Bottomless Pitt’s house salad arrived quickly. Comprised of mixed greens, red onions, a slice of cuke and tomato, the salad looked good, but he reported that it was swimming in house vinaigrette and appeared to have been refrigerated for a while before being served. I ordered soup, the Greek specialty avgolemono. It was delicious with chunks of chicken, onion, rice and a savory broth, not to mention that signature hint of lemon.
For dinner, B.P. decided on a special, yellow-fin tuna ($17.95) cooked a variety of ways — he chose to have it blackened. A thinner than usual portion (about 3/4-inch thick) was tender and very spicy. His side of spaghettini was “excellent” (this coming from the grandson of an Italian grandmother who perfected the art of marinara), as was the half tomato covered with spinach and Parmesan and broiled.

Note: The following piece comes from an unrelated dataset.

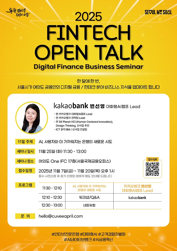 - 한 달에 한 번, 서울시가 여의도 금융인의 핀테크분야 비즈니스 지식을 업데이트 합니다

I opted for the seafood cilantro ($18.95), a regular offering, and did not regret it. Scallops, shrimp and chunks of salmon were bathed in a creamy cilantro sauce and ladled over tomato, spinach and egg fettuccini.
Despite a couple of shortcomings (the scallops were a touch undercooked and some of the pasta was stuck together), the dish was generally very tasty. The seafood portions were generous and the cilantro flavoring was perfectly balanced with the cream sauce. The portion filled me up before I cleaned my plate.
We certainly did not need dessert but, when our waiter brought a tray of samples for us to gaze upon, we couldn’t resist. I chose the rich and buttery peanut butter pie ($4.25). B.P. had been eyeing the table card that describes various ice cream sundaes, and he succumbed to hot fudge over two scoops of chocolate chip ice cream ($3.50). Both desserts were very satisfactory.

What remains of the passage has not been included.